Among the main changes is the obligation for village farmers who are members of the RVA to pay interest on unpaid capital, if a former resident has not been reimbursed within nine months of leaving a unit.
Its members would be asked to stop charging weekly fees once a unit was terminated and released.
It would also ask members to remove unfair contract terms.
Matthews explained to MPs the difficulties that delays in reimbursing capital to departing residents could cause, particularly when they had to move to care facilities.
The RVA’s voluntary reforms included a commitment by its members to take all reasonable steps to assist departing residents who needed their capital to enter residence in order to obtain a loan from the Department of Social Development.
If it was not possible to obtain a loan, the village operators would lend the departing resident enough money to cover his care costs, until his capital was returned to him.
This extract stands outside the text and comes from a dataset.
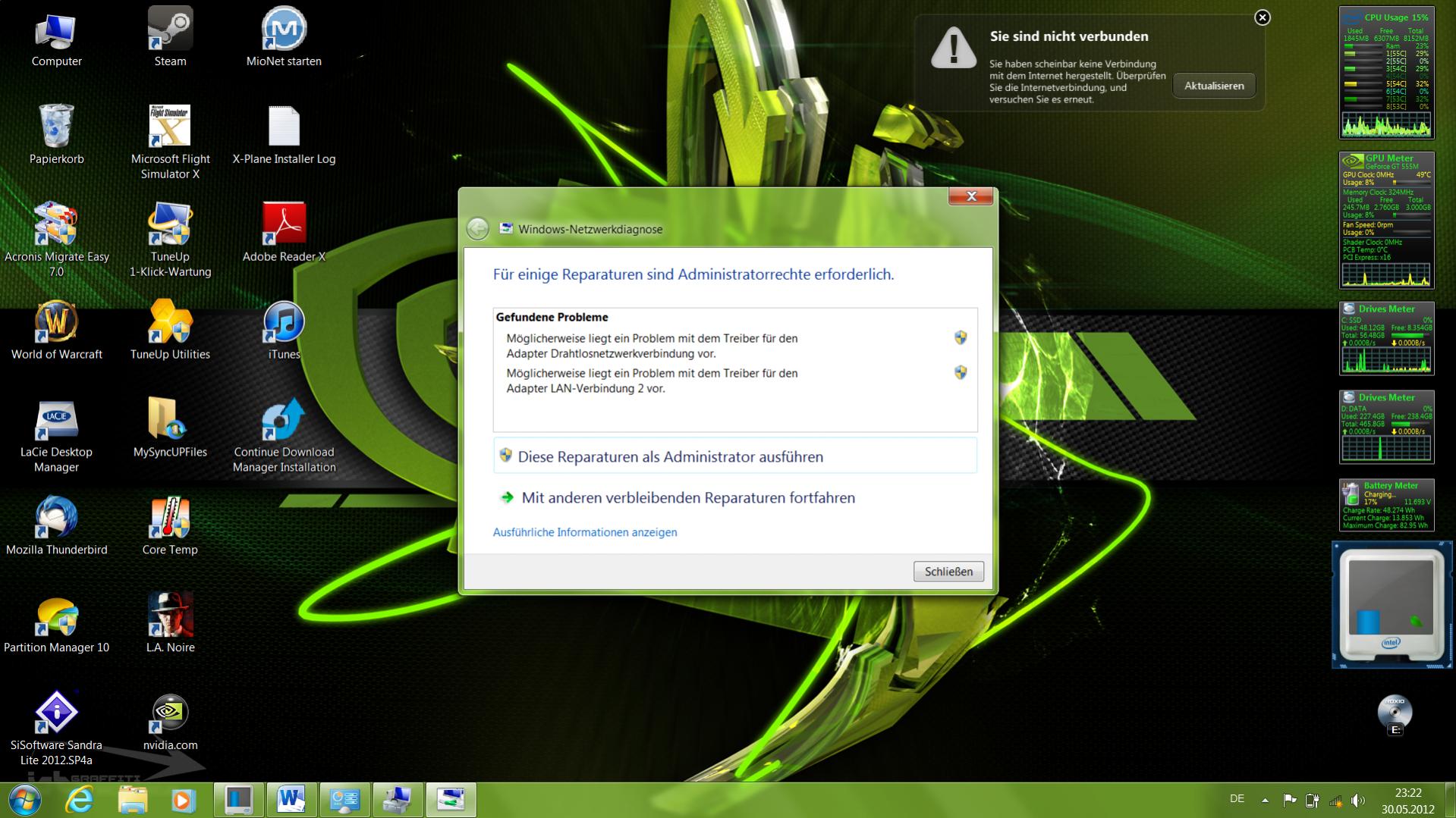 Ich habe ein Dell XPS 17 L702x. Seit gestern habe ich plötzlich kein Internet mehr. Problem sei angeblich "ein Problem mit den Treibern" was ich mir allerdings nicht vorstellen kann da ich weder etwas geändert noch neue Trieber installiert habe. Da ich mich in diesem Gebiet leider nicht so auskenne habe ich einfach mal Screenshots gemacht.

The RVA’s voluntary reforms would only cover its members and would be voted on by members next year.
“We have always accepted the need to make improvements to the industry’s consumer protection regime where they are feasible and make sense,” said Wilkinson.
“Developing and applying industry best practices is a more efficient and fairer way to address these issues rather than legislative upheaval for the sake of it,” he said.
Matthews called the RVA’s voluntary reforms a token gesture that has failed to address the sector’s pressing problems.
The government is committed to reviewing the legislation.
Retired Commissioner Jane Wrightson supports the review of the legislation.